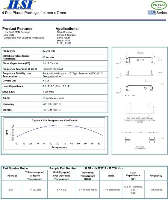 ILSI晶振,IL3R晶振,IL3R-HX5F12.5-32.768KHz晶振,貼片表晶32.768K系列具有超小型,薄型,質(zhì)地輕的表面貼片音叉型石英晶體振蕩器,晶振產(chǎn)品本身具備優(yōu)良的耐熱性,耐環(huán)境特性,在辦公自動(dòng)化,家電領(lǐng)域,移動(dòng)通信領(lǐng)域可發(fā)揮優(yōu)良的電氣特性,符合無鉛標(biāo)準(zhǔn),滿足無鉛焊接的回流溫度曲線要求,金屬外殼的石英晶振使得產(chǎn)品在封裝時(shí)能發(fā)揮比陶瓷晶振外殼更好的耐沖擊性能.
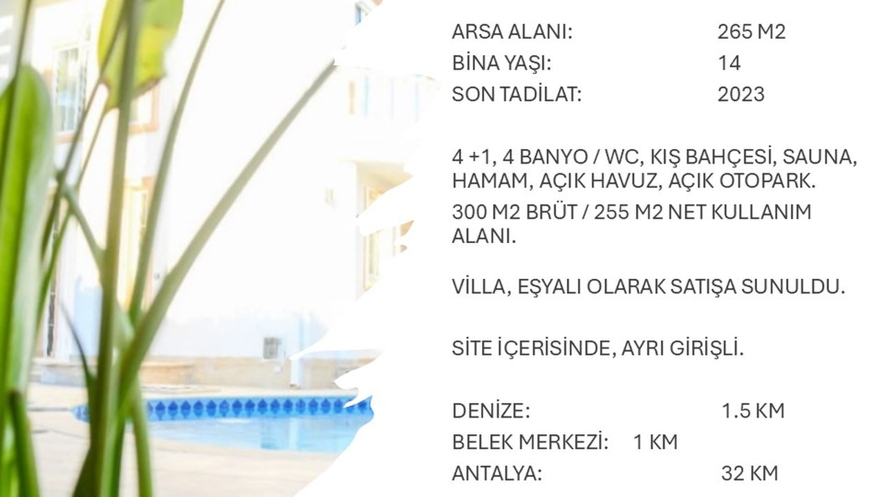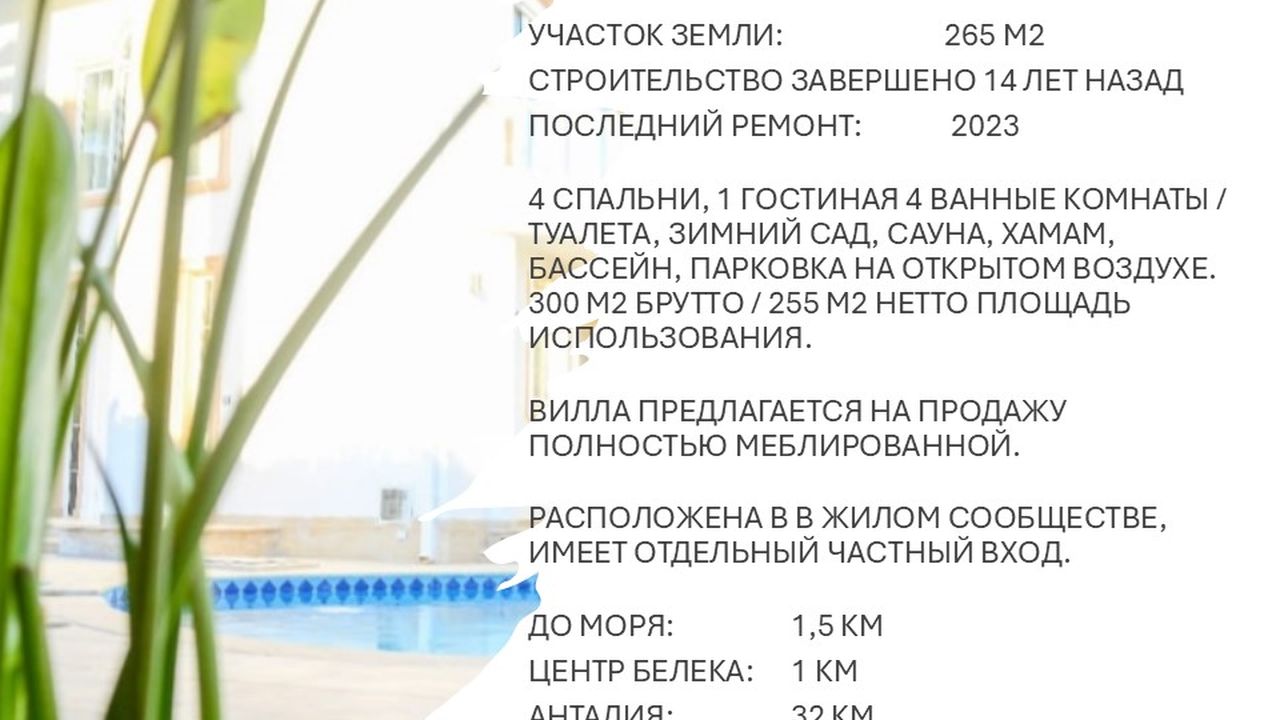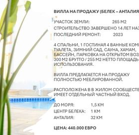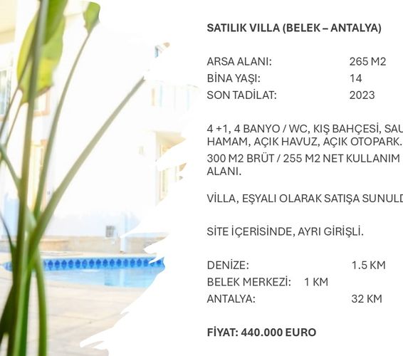 ПРОДАЕТСЯ ВИЛЛА (БЕЛЕК - АНТАЛИЯ)
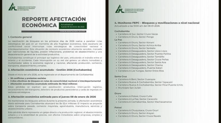 Las autoridades informaron que no existe una actualización que permita rehabilitar los viajes, ya que los puntos de bloqueo se mantienen activos tanto en la carretera nueva como en la antigua hacia Santa Cruz, además de las rutas hacia el occidente boliviano.
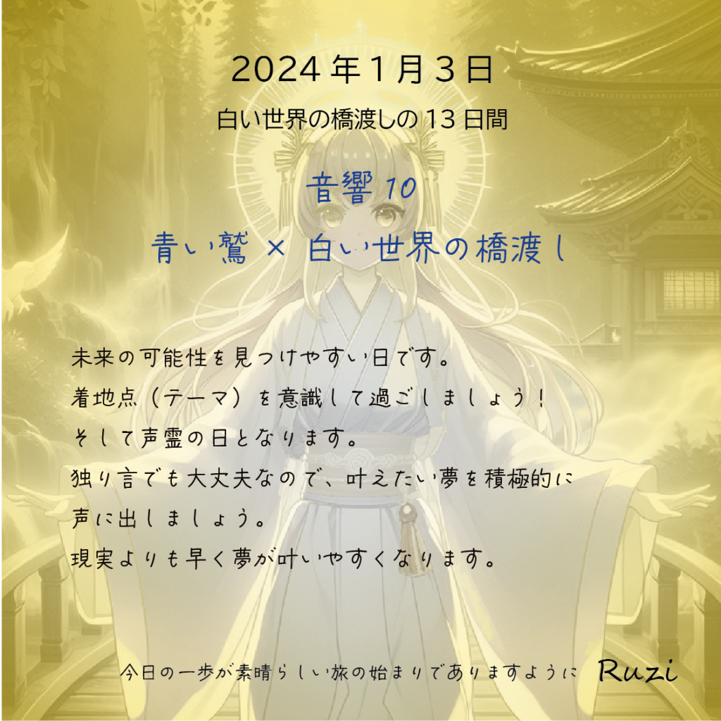 2024年1月3日 2024年1月3日 最終更新日時 : 2024年1月22日 ruzi-oracle 【音響10×青い鷲】未来の可能性を見つけやすい日です。着地点(テーマ)を意識して過ごしましょう!そして声霊の日となります。独り言でも大丈夫なので、叶えたい夢を積極的に声に出しましょう。現実よりも早く夢が叶いやすくなります。 FacebookX
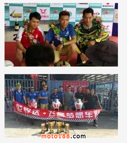 核心提示: 7月12日,2015年全國公路摩托車錦標賽(CRRC)廣東三水站,世界達飛鷹夢想車隊再次奪取團體和個人雙冠軍,為上一站的第二名出
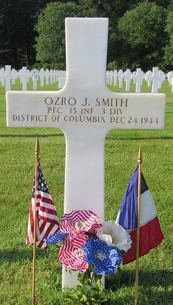 Pfc Ozro J. Smith attended high school for four years and was a draftsman, employed by the General Motors Corp.Source of information: Leo Minne, www.abmc.gov, www.wwiimemorial.com, www.ancestry.com – 1930/1940 Census / Headstone and Interment Record / U.S. Draft Cards Young Men / US WW2 Hospital Admission Cards, History 3rd Infantry Division WWII
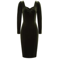 Embrace vintage glamour in this figure-flattering retro-inspired green Velvet Wiggle Dress. Designed with a romantic sweetheart neckline and long sleeves featuring softly gathered shoulder seams, this dress offers a touch of 1950s elegance. Subtle gathering along the front bust enhances the silhouette, while a hidden back zip ensures a sleek, seamless fit. In a dark Fern green shade. Perfect for adding classic sophistication to your day or evening wardrobe.
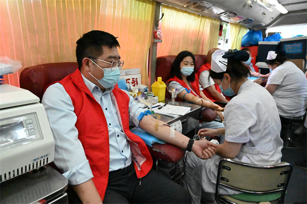 蘭考縣法院參加縣文明辦統(tǒng)一組織的無償獻(xiàn)血活動
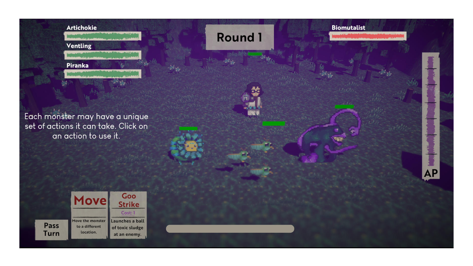 In this game, players fight in a pixelated turn based combat video game within the world to save humanity! Our dedicated game design team has meticulously crafted a game that's both intuitive and visually appealing, ensuring an engaging and seamless experience in a 2D/3D game format (similar to the Octopath Traveler franchise). Every character and monster is animated with dynamic movements, making your interactions feel immersive.
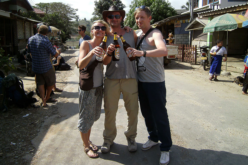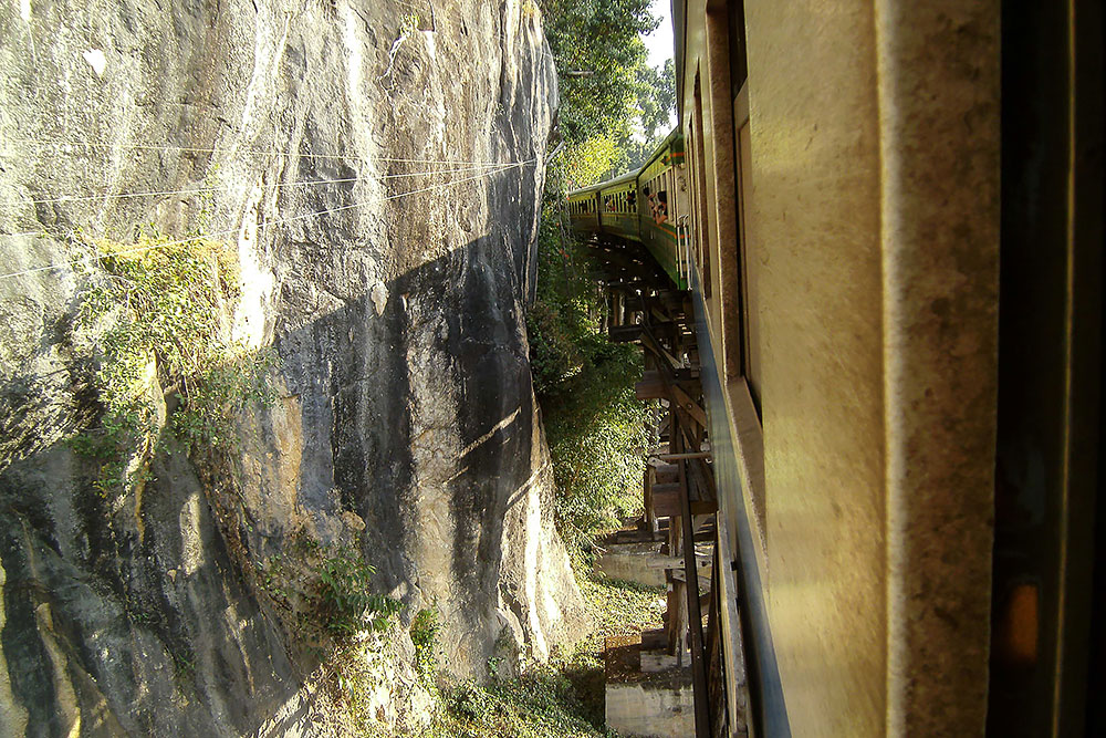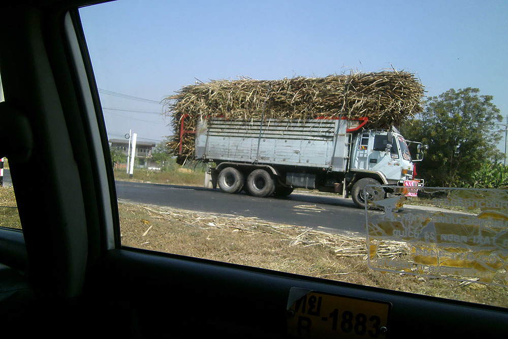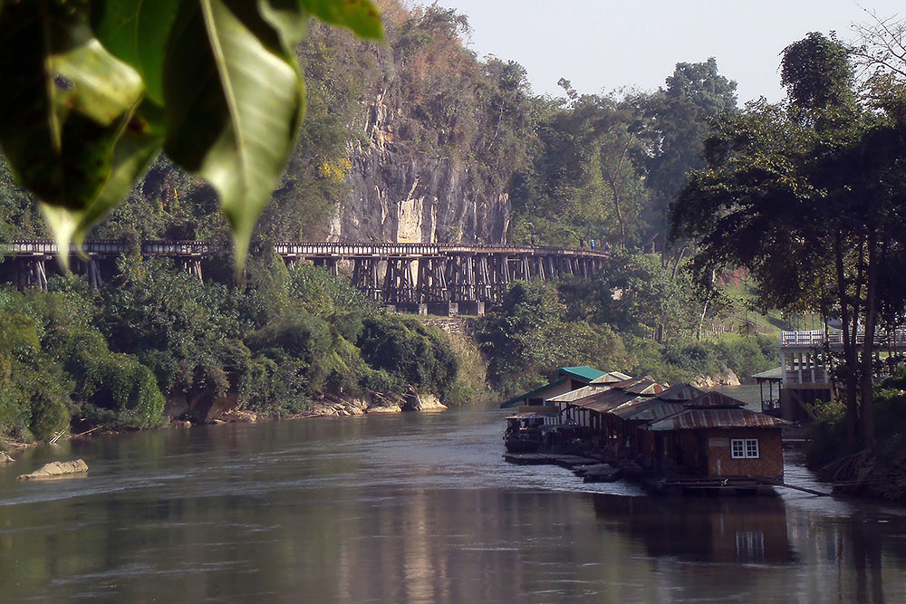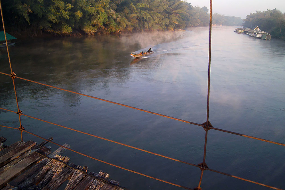 Ordnung wäre: „Thailand only“. Mit Zuckerrohr überladene LKW kündigen an, dass es ländlicher wird. Berge tauchen auf und die Thais machen aus 3 Spuren 4. Die Ampel ist rot, es fahren noch zehn weitere Fahrzeuge rüber, wir auch „Thailand only“. Tom bekommt die Karre aber wirklich immer noch rechtzeitig zum Stehen, auch wenn die Vorderachse rauszubrechen droht. Über staubige Pisten erreichen wir so den River Kwae. |

+===+

Exactly as written, copy the entries above without their pictures.

• **EXERCISE RESULT**
 ILSI晶振,IL3R晶振,IL3R-HX5F12.5-32.768KHz晶振,貼片表晶32.768K系列具有超小型,薄型,質(zhì)地輕的表面貼片音叉型石英晶體振蕩器,晶振產(chǎn)品本身具備優(yōu)良的耐熱性,耐環(huán)境特性,在辦公自動(dòng)化,家電領(lǐng)域,移動(dòng)通信領(lǐng)域可發(fā)揮優(yōu)良的電氣特性,符合無鉛標(biāo)準(zhǔn),滿足無鉛焊接的回流溫度曲線要求,金屬外殼的石英晶振使得產(chǎn)品在封裝時(shí)能發(fā)揮比陶瓷晶振外殼更好的耐沖擊性能.
 ПРОДАЕТСЯ ВИЛЛА (БЕЛЕК - АНТАЛИЯ)
 Las autoridades informaron que no existe una actualización que permita rehabilitar los viajes, ya que los puntos de bloqueo se mantienen activos tanto en la carretera nueva como en la antigua hacia Santa Cruz, además de las rutas hacia el occidente boliviano.
 2024年1月3日 2024年1月3日 最終更新日時 : 2024年1月22日 ruzi-oracle 【音響10×青い鷲】未来の可能性を見つけやすい日です。着地点(テーマ)を意識して過ごしましょう!そして声霊の日となります。独り言でも大丈夫なので、叶えたい夢を積極的に声に出しましょう。現実よりも早く夢が叶いやすくなります。 FacebookX
 核心提示: 7月12日,2015年全國公路摩托車錦標賽(CRRC)廣東三水站,世界達飛鷹夢想車隊再次奪取團體和個人雙冠軍,為上一站的第二名出
 Pfc Ozro J. Smith attended high school for four years and was a draftsman, employed by the General Motors Corp.Source of information: Leo Minne, www.abmc.gov, www.wwiimemorial.com, www.ancestry.com – 1930/1940 Census / Headstone and Interment Record / U.S. Draft Cards Young Men / US WW2 Hospital Admission Cards, History 3rd Infantry Division WWII
 Embrace vintage glamour in this figure-flattering retro-inspired green Velvet Wiggle Dress. Designed with a romantic sweetheart neckline and long sleeves featuring softly gathered shoulder seams, this dress offers a touch of 1950s elegance. Subtle gathering along the front bust enhances the silhouette, while a hidden back zip ensures a sleek, seamless fit. In a dark Fern green shade. Perfect for adding classic sophistication to your day or evening wardrobe.
 蘭考縣法院參加縣文明辦統(tǒng)一組織的無償獻(xiàn)血活動
 In this game, players fight in a pixelated turn based combat video game within the world to save humanity! Our dedicated game design team has meticulously crafted a game that's both intuitive and visually appealing, ensuring an engaging and seamless experience in a 2D/3D game format (similar to the Octopath Traveler franchise). Every character and monster is animated with dynamic movements, making your interactions feel immersive.
 Ordnung wäre: „Thailand only“. Mit Zuckerrohr überladene LKW kündigen an, dass es ländlicher wird. Berge tauchen auf und die Thais machen aus 3 Spuren 4. Die Ampel ist rot, es fahren noch zehn weitere Fahrzeuge rüber, wir auch „Thailand only“. Tom bekommt die Karre aber wirklich immer noch rechtzeitig zum Stehen, auch wenn die Vorderachse rauszubrechen droht. Über staubige Pisten erreichen wir so den River Kwae. |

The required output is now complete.